A proper vertex colouring of a graph $G$ is a function $\kappa$ defined on
the vertices of $G$ such that if $v$ and $w$ are any two neighbouring
vertices, then $\kappa(v)$ does not equal $\kappa(w)$. A simple result in
graph theory is the following: let G be a finite graph such that each
vertex has degree at most $d$. Then there is a proper colouring of $G$
that uses at most $d+1$ colours. (This means that the function $\kappa$
takes at most d+1 distinct values.)To prove this, we choose some ordering of the vertices:
$v_1,v_2,\dots,v_n$ and colour them inductively as follows. Having
coloured $v_1,\dots,v_{k-1}$, we would like to colour $v_k$. By
hypothesis, $v_k$ has at most d neighbours, so there are at most d
neighbours of $v_k$ amongst the vertices $v_1,\dots,v_{k-1}$. Therefore,
there are at most $d$ colours that we must avoid when choosing a colour
for $v_k$. Since there are $d+1$ colours available to us, we can
arbitrarily choose some colour that is not one of the ones we have to
avoid. And thus the induction continues.
So this proof is saying that no two adjacent vertcies numbered from one to $k-1$ is of the same color?
$v_k$ has at most d neighbors means that $v_k$ is at most connected to $d$ vertices?
If $d=5$, then we must avoid 5 colors. We have $d+1=6$ colors available that we can choose. Shouldn't $d+1$ include the 5 we must avoid, so the number of colors available to color with is actually one or not $d+1$? But this is a contradiction. In fact, I think we don't know how many colors on the color palette we can choose.
Could we prove this by well-ordering principle?

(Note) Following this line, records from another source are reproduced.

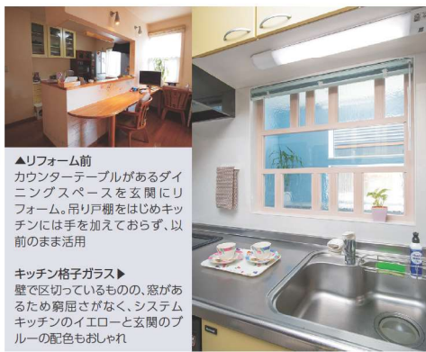
▲リフォーム前 カウンターテーブルがあるダイニングスペースを玄関にリフォーム。吊り戸棚をはじめキッチンには手を加えておらず、以前のまます活用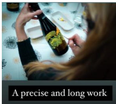
A precise and long work

毎年ソフィー女史はキュベ・プレスティージュ・ワインの内、数ケースに手描きで絵を描きます。繊細な作業なので丁寧に時間を掛けて1本、1本絵付けします。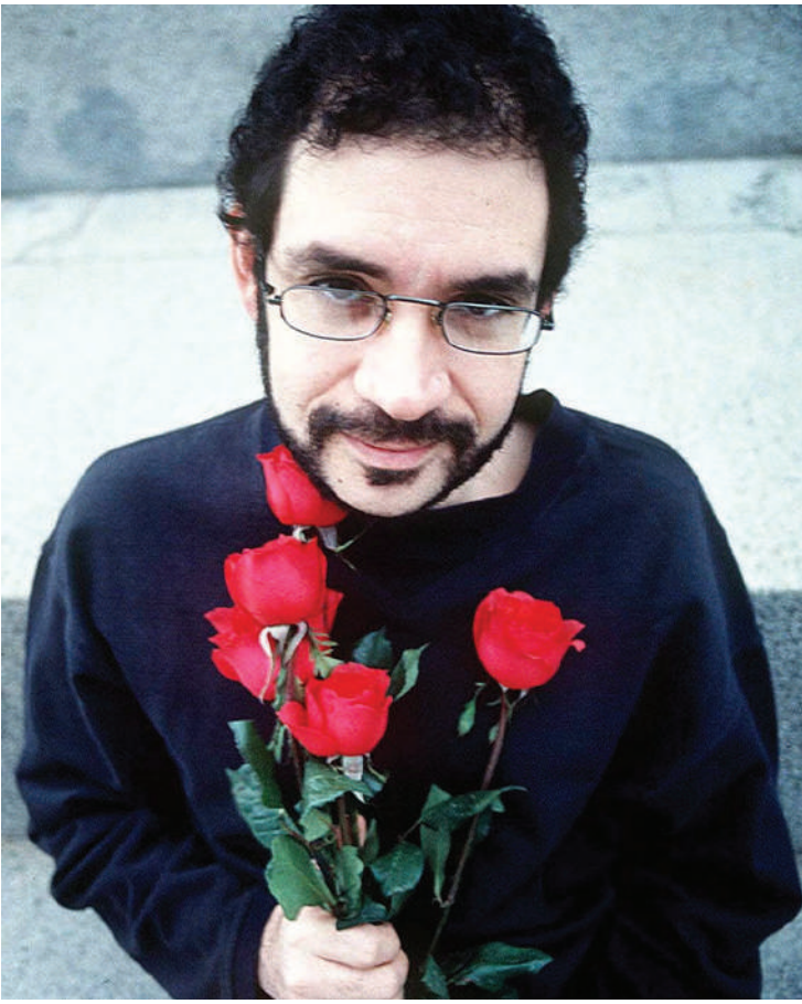
Imagem promocional da caixa 'Obra & arte', com discos de Renato Russo

Com a revalorização do CD como formato de mídia física, tendência sutil já ob-

I think I'd prove this via contradiction instead.
This proof doesn't mention the function $\kappa(v)$ once. Why is $\kappa(v)$ mentioned?
Best Answer
Well yes, but more usefully it's saying that between those vertices which are adjacent to $v_k$, there are at most $d$ colours.

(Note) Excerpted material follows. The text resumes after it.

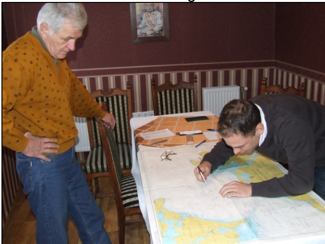
Hasaljunk a tengerre és mérjük!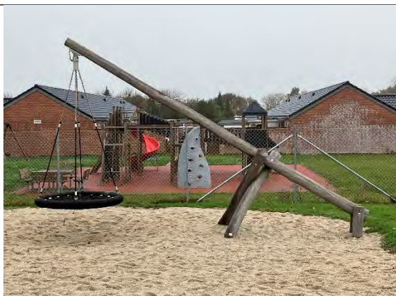
Redskab: Etpunktgyng Årgang: 2022 Producent: Nikoplay Er redskabet mærket: Ja Er der registreret fejl/mangler: Nej

I think you're getting confused between the number of colours in our palette, and the number of colours we can validly assign to $v_k$. There are $d+1$ colours in our palette, but at most $d$ of those would result in an invalid colouring if applied to $v_k$.
Therefore, we always have at least one choice of colour for $v_k$ which will result in a valid colouring.
I don't see how the well-ordering principle is necessary or useful here.